In 2021, I taught my first EV charger installation course, a critical component in preparing for the new jobs created by the IIJA’s investments in installing a nationwide network of EV chargers. The Biden administration has set a goal for half of all new vehicles sold to be electric by 2030. Developing our nation’s electric vehicle charging infrastructure is necessary to make this widespread adoption electric vehicles a reality.
Not only is the IIJA a victory for job creation for union members, it is also a victory for protecting our communities from the worsening impacts of climate change. On average, electric vehicles emit 67% less pollution than conventional internal combustion engine vehicles. Using renewable energy to charge an electric vehicle can completely eliminate its emissions. So, in addition to providing well-paying union jobs, investments in electric vehicles help reduce exhaust air pollution that leads to respiratory, cardiovascular and other health problems, while reducing exhaust emissions. greenhouse gases that are accelerating the climate crisis.

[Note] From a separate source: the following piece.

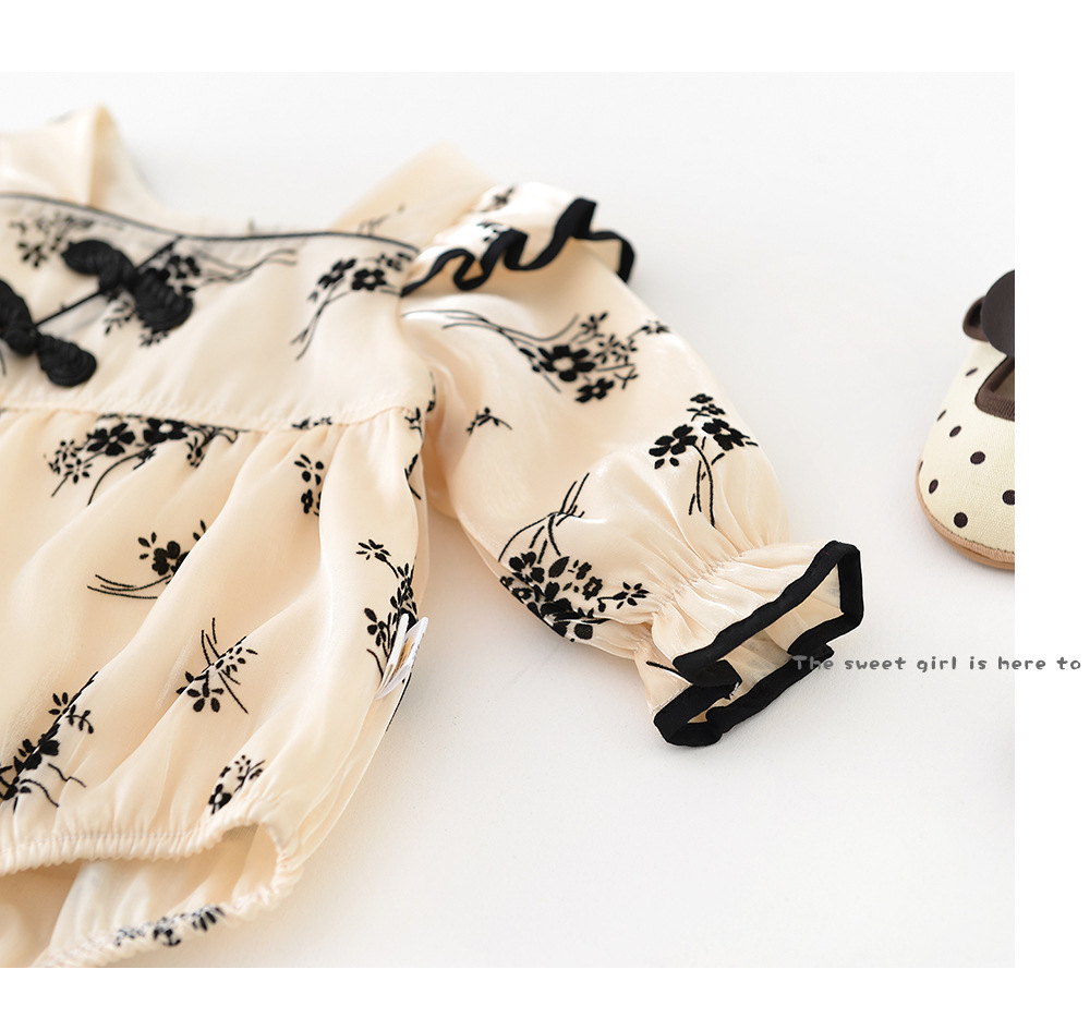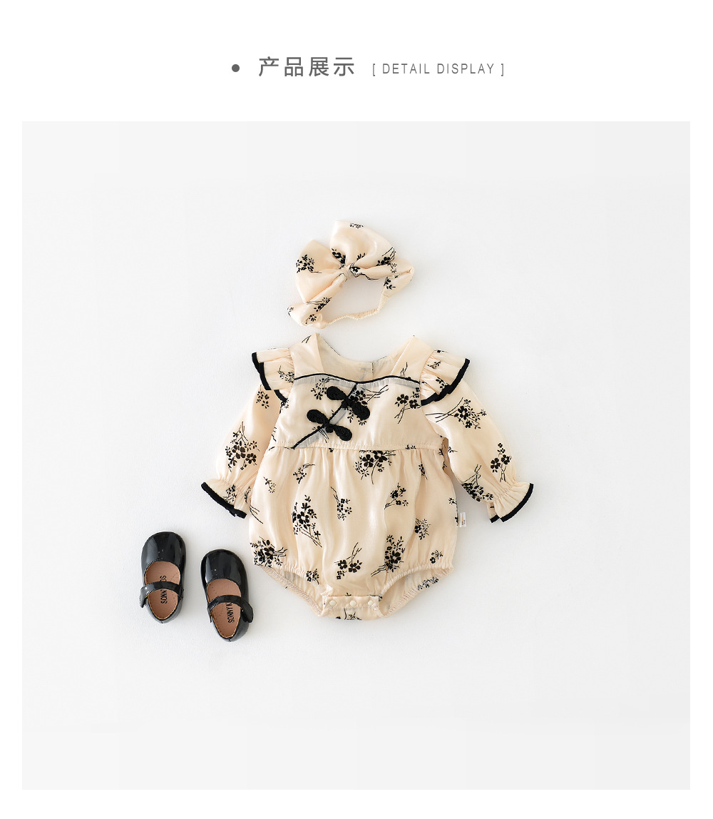 신생아 봄 점프 수트 아기 중국 스타일 인쇄 서양 스타일 롬퍼 유아 긴 소매 롬퍼 헤어 밴드스토어 가기

As we continue to improve our public infrastructure to reduce pollution and increase resilience to climate change, we must ensure these efforts are transformative. Leaders must preserve the economic security of workers needed to advance a clean energy economy and sustain it over the long term. Public investments should be coupled with good employment standards, such as project labor agreements and apprenticeship usage requirements. Registered apprenticeship programs are a pipeline to move people into the highly skilled, well-paying, and in-demand occupations created by this transition. These programs strengthen our workforce, teach valuable skills and create opportunities for workers to find a secure place in the middle class or change careers.
Investing in green technology and renewable energy reduces family energy bills, public health issues and pollution while making the electricity grid more reliable. Continued investment in these technologies and the promotion of good employment standards and workforce development programs – such as those found in LD 1969 in Maine, which has now been enacted – will create quality jobs. in clean energy and advance equity in the renewable energy sector. These are imperative to ensure that workers can access these fields, learn the skills of the trade, and earn wages and benefits that will support careers in building and maintaining greener infrastructure.
Justin Walsh is the training director for a local electricians union.